WHAT IS REQUIRED: Your copy should start at the line with "a, Các mũi đinh" and end at the line with "--[#lightgrey] 扩展学习 @endmindmap" in the data below. Transcribe only those lines, exactly, pictures excluded.

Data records
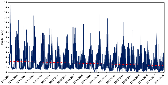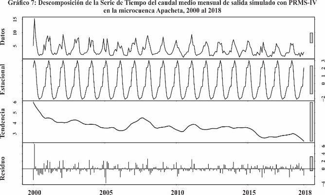 El caudal medio mensual simulado con PRMS-IV en la microcuenca corresponde al aporte de las 31 Unidades de Respuesta Hidrológica (HRUs) que la conforman, cuyos tributarios convergen a la zona más baja de la microcuenca, dando lugar al nacimiento del río Apacheta. En la serie de tiempo de la Figura 7 se observa una pronunciada tendencia negativa del caudal de salida desde enero del año 2000 a diciembre de 2018, lo cual implica una significativa disminución del caudal en los últimos años.
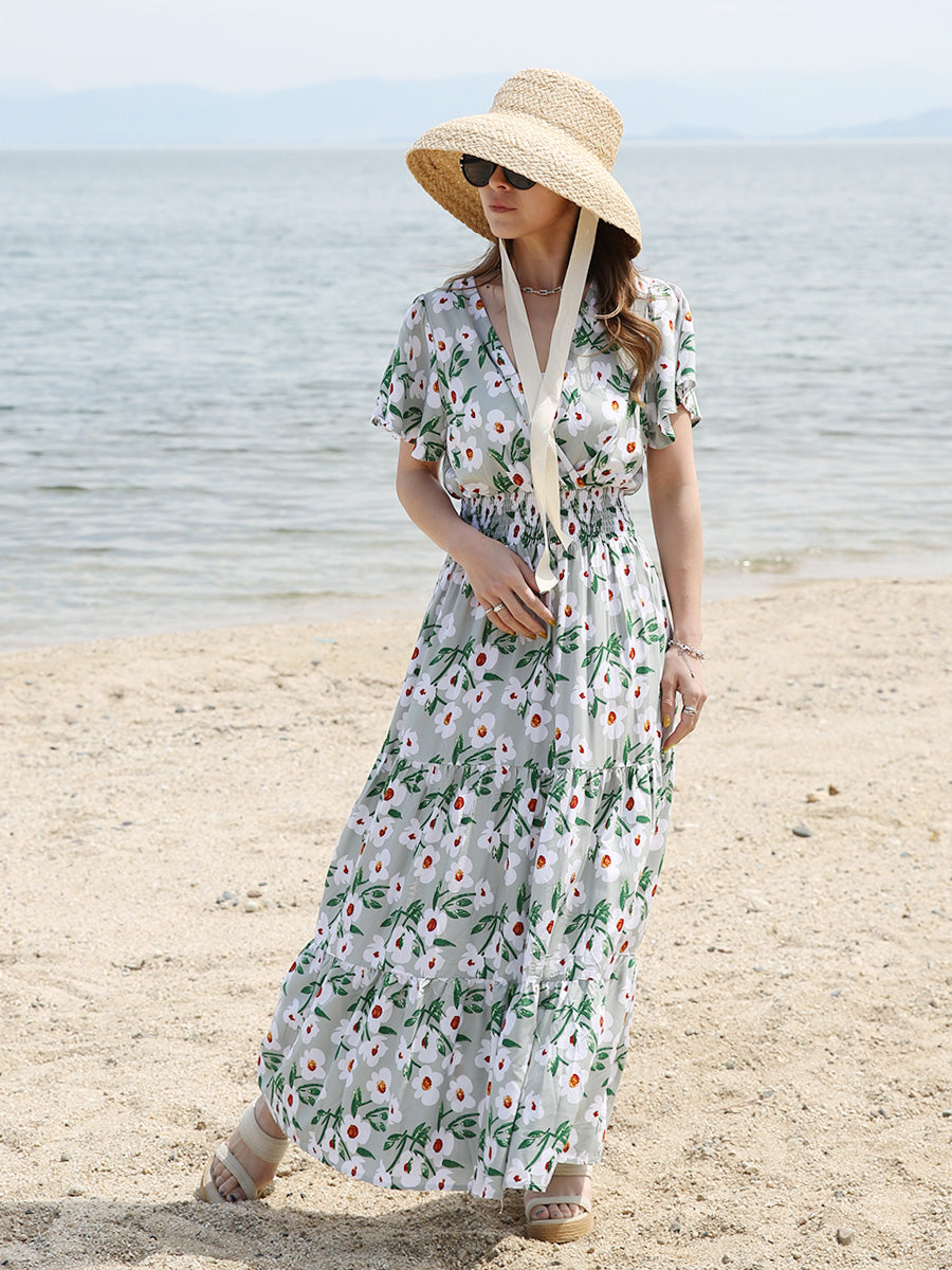 romy by the sea(ルーミーバイザシー)花柄半袖マキシワンピース
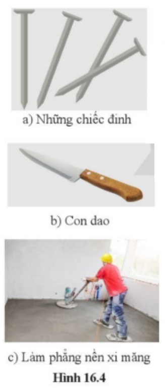 a, Các mũi đinh đều được vuốt nhọn (hình 16.4a) vì để giảm diện tích tiếp xúc, khiến khi đóng đinh áp suất sẽ cao và đinh sẽ được đóng dễ hơn.
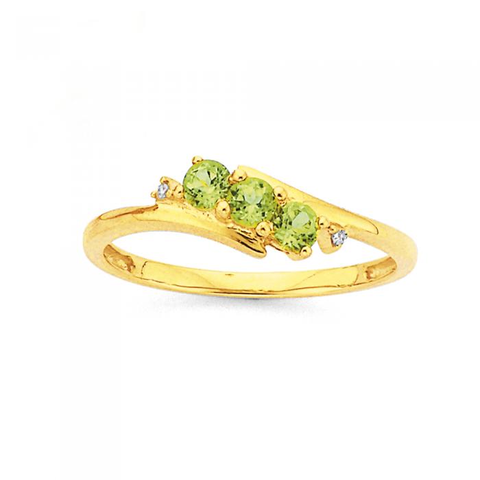 9ct Gold Peridot & Diamond 3x Round Brilliant Cut Offset Ring7531031
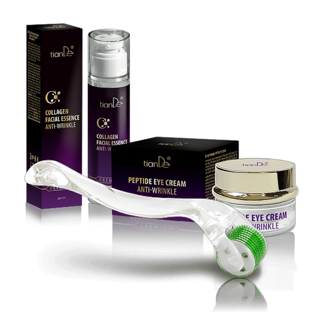 Kúpte 2 produkty: Anti-vrásková kolagénová esencia na tvár + anti-vráskový peptidový krém na oči – získajte masážny valček Mezoroller ZADARMO!
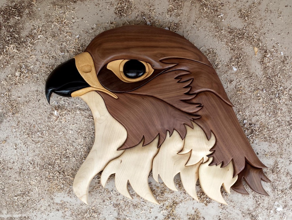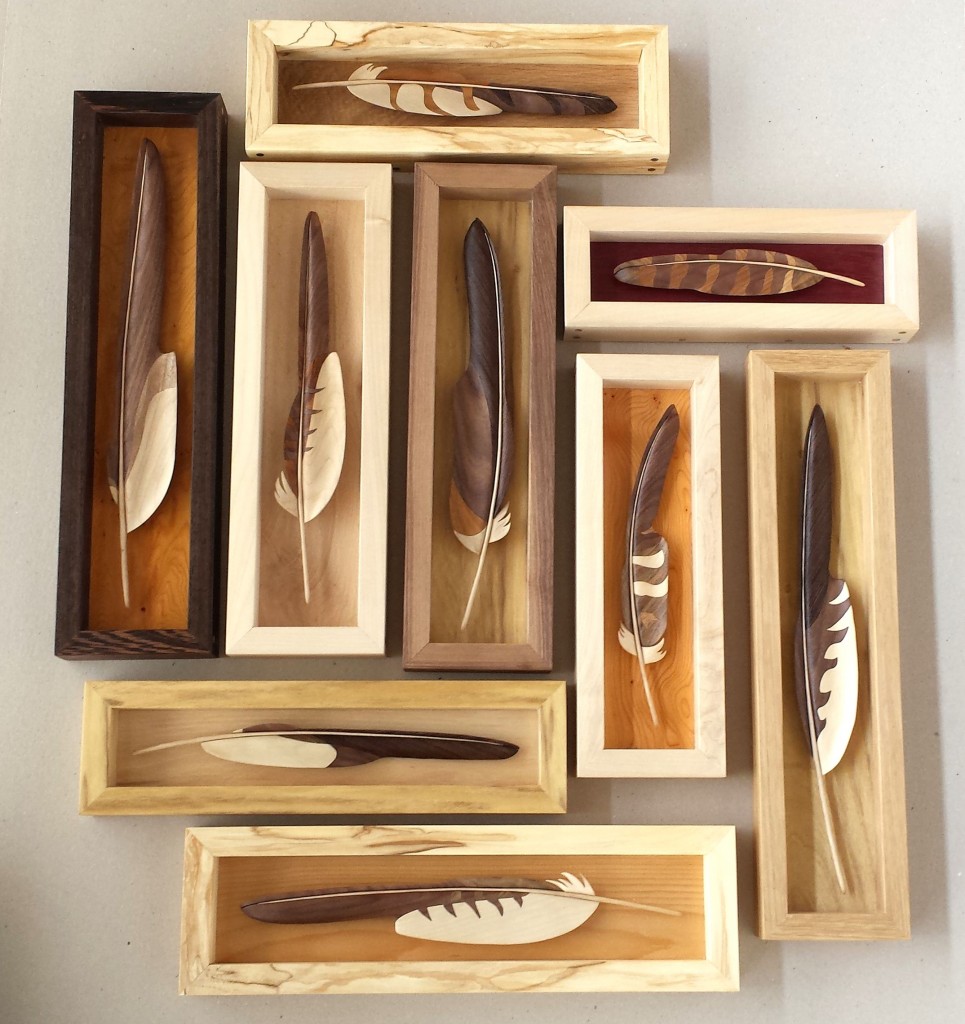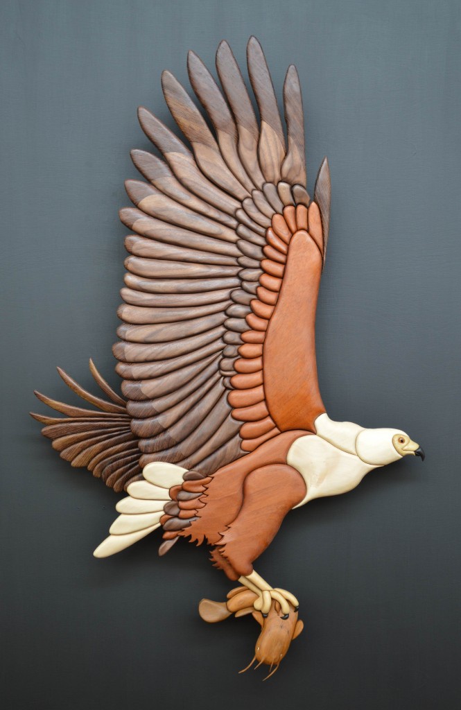 Tom’s passion for birds of prey is often the driving force behind his work, which allows him to recreate the shape and form of any bird. His sculptures of birds of prey in flight are very dynamic, which gives you a feeling of the grace and power possessed by real birds. Tom has also developed the intarsia technique further to enable him to accurately reproduce feathers with their delicate structure and flowing contours.
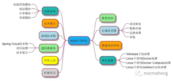 @startmindmap +[#17ADF1] mall学习路线 ++[#lightgreen] 推荐资料 ++[#lightblue] 后端技术栈 +++_ 项目框架 +++_ 数据存储 +++_ 运维部署 +++_ 其他 ++[#orange] 搭建项目骨架 ++[#1DBAAF] 项目部署 +++_ Windows下的部署 +++_ Linux下使用Docker部署 +++_ Linux下使用Docker Compose部署 +++_ Linux下使用Jenkins自动化部署 --[#1DBAAF] 电商业务 ---_ 权限管理模块 ---_ 商品模块 ---_ 订单模块 ---_ 营销模块 --[#orange] 技术要点 --[#lightblue] 前端技术栈 --[#lightgreen] 进阶微服务 ---_ Spring Cloud技术栈 ---_ 项目部署 ---_ 技术要点 --[#yellow] 开发工具 --[#lightgrey] 扩展学习 @endmindmap
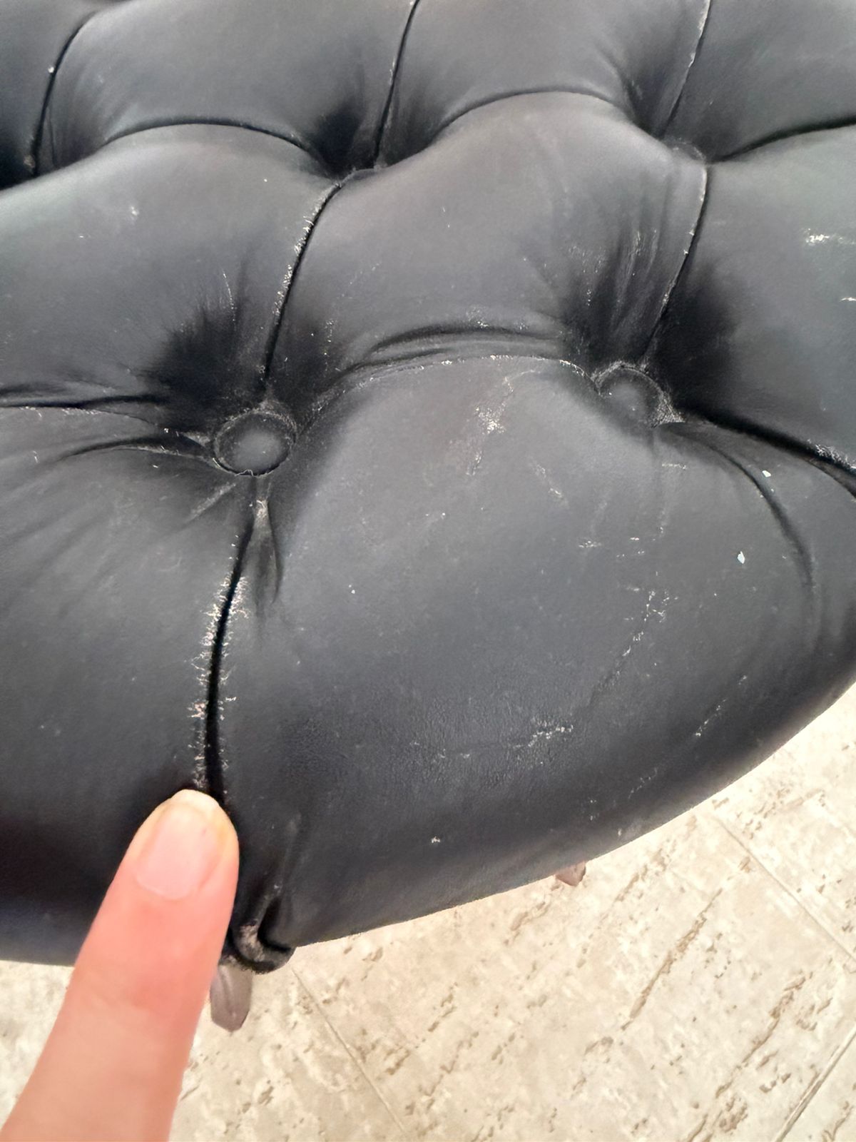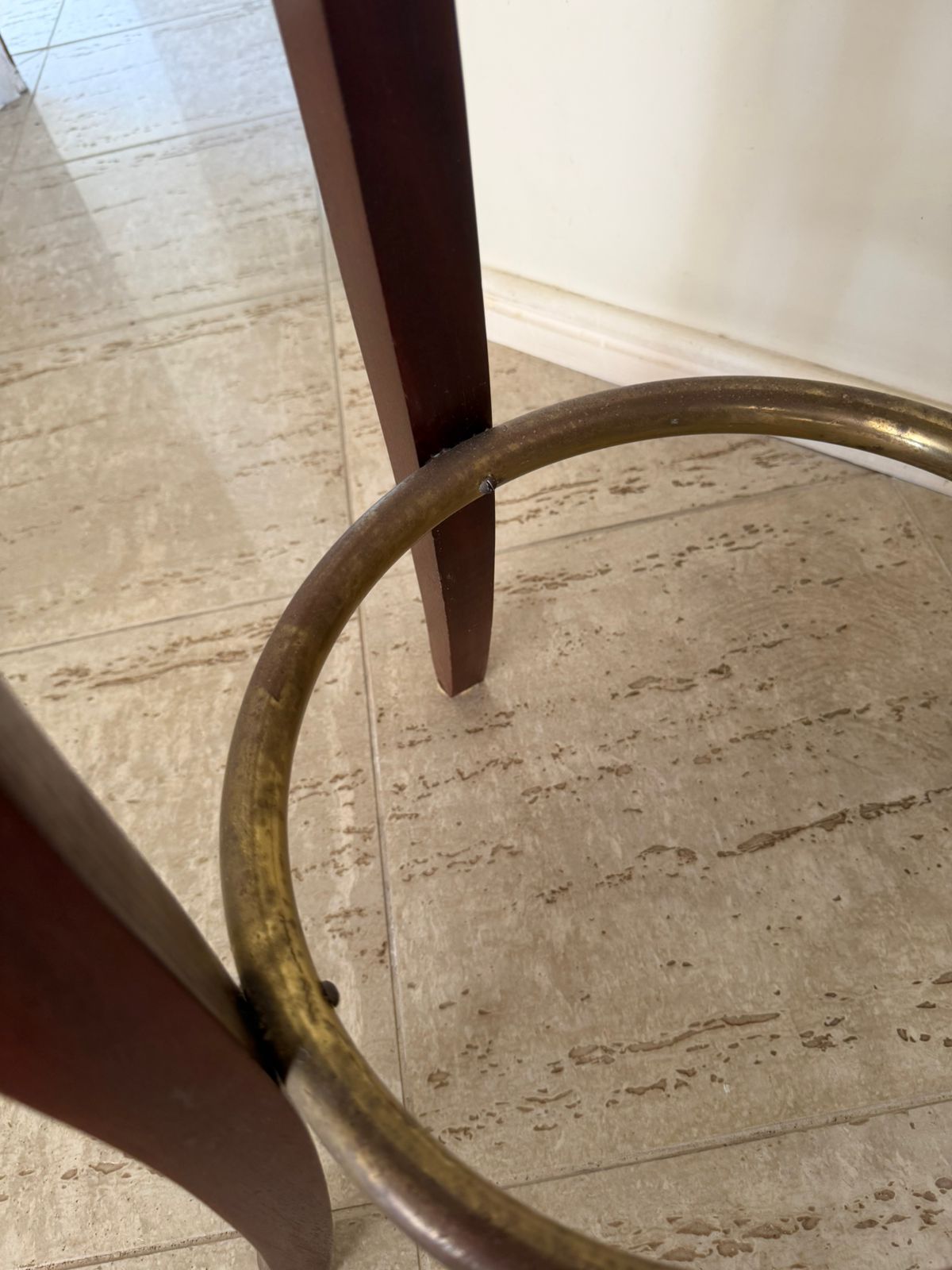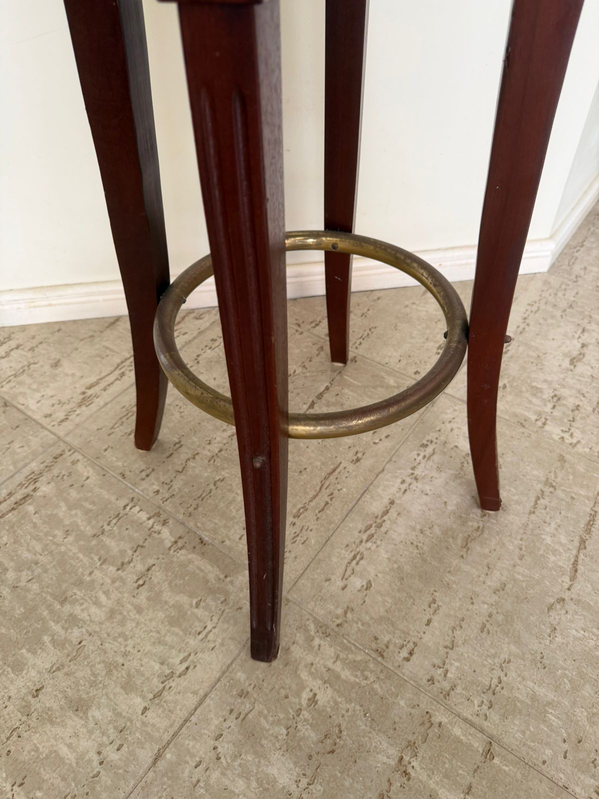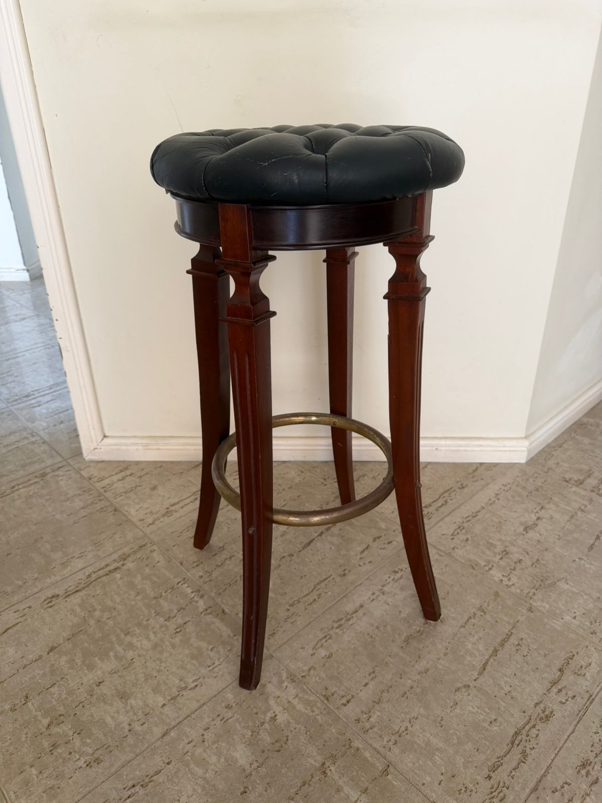 Os tampos são giratórios em capitonê em couro preto – parecem um pouco desgastado – mas é o estilo mesmo
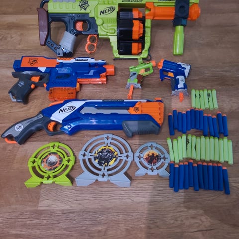 Nerf leikkipyssyt eri malleja ja värejä. Lisäksi myös yksi X-Shot -pyssy. Suuri määrä panoksia. Kaikki ehjiä.
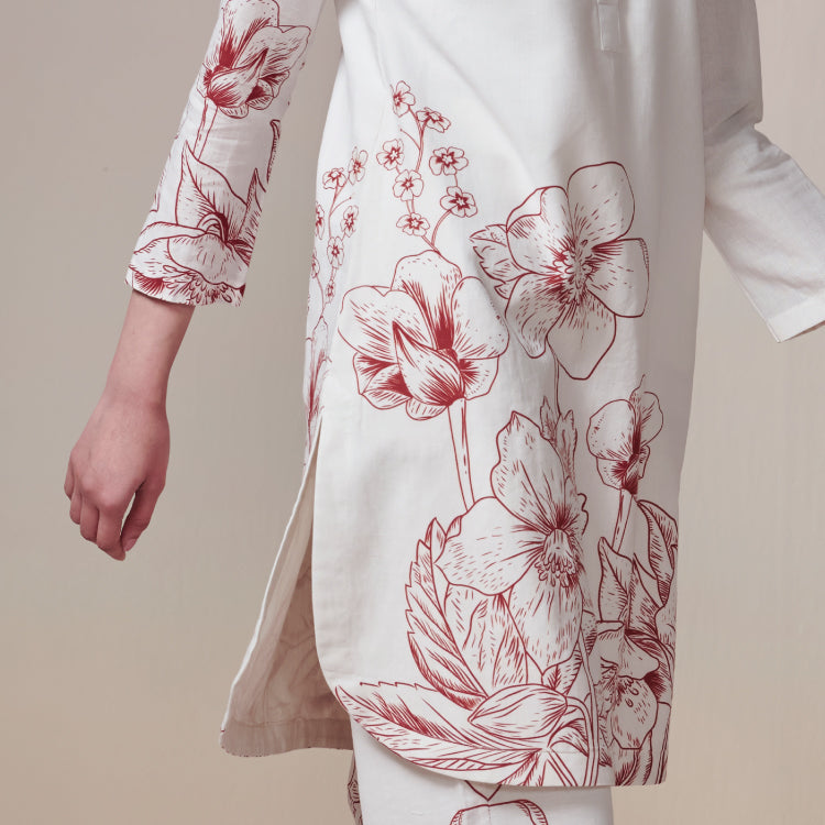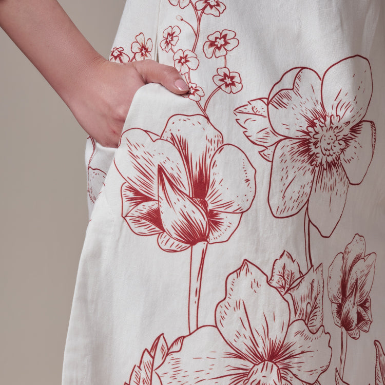 Ivory linen-cotton set with crimson florals

ANSWER SECTION:
 a, Các mũi đinh đều được vuốt nhọn (hình 16.4a) vì để giảm diện tích tiếp xúc, khiến khi đóng đinh áp suất sẽ cao và đinh sẽ được đóng dễ hơn.
 9ct Gold Peridot & Diamond 3x Round Brilliant Cut Offset Ring7531031
 Kúpte 2 produkty: Anti-vrásková kolagénová esencia na tvár + anti-vráskový peptidový krém na oči – získajte masážny valček Mezoroller ZADARMO!
 Tom’s passion for birds of prey is often the driving force behind his work, which allows him to recreate the shape and form of any bird. His sculptures of birds of prey in flight are very dynamic, which gives you a feeling of the grace and power possessed by real birds. Tom has also developed the intarsia technique further to enable him to accurately reproduce feathers with their delicate structure and flowing contours.
 @startmindmap +[#17ADF1] mall学习路线 ++[#lightgreen] 推荐资料 ++[#lightblue] 后端技术栈 +++_ 项目框架 +++_ 数据存储 +++_ 运维部署 +++_ 其他 ++[#orange] 搭建项目骨架 ++[#1DBAAF] 项目部署 +++_ Windows下的部署 +++_ Linux下使用Docker部署 +++_ Linux下使用Docker Compose部署 +++_ Linux下使用Jenkins自动化部署 --[#1DBAAF] 电商业务 ---_ 权限管理模块 ---_ 商品模块 ---_ 订单模块 ---_ 营销模块 --[#orange] 技术要点 --[#lightblue] 前端技术栈 --[#lightgreen] 进阶微服务 ---_ Spring Cloud技术栈 ---_ 项目部署 ---_ 技术要点 --[#yellow] 开发工具 --[#lightgrey] 扩展学习 @endmindmap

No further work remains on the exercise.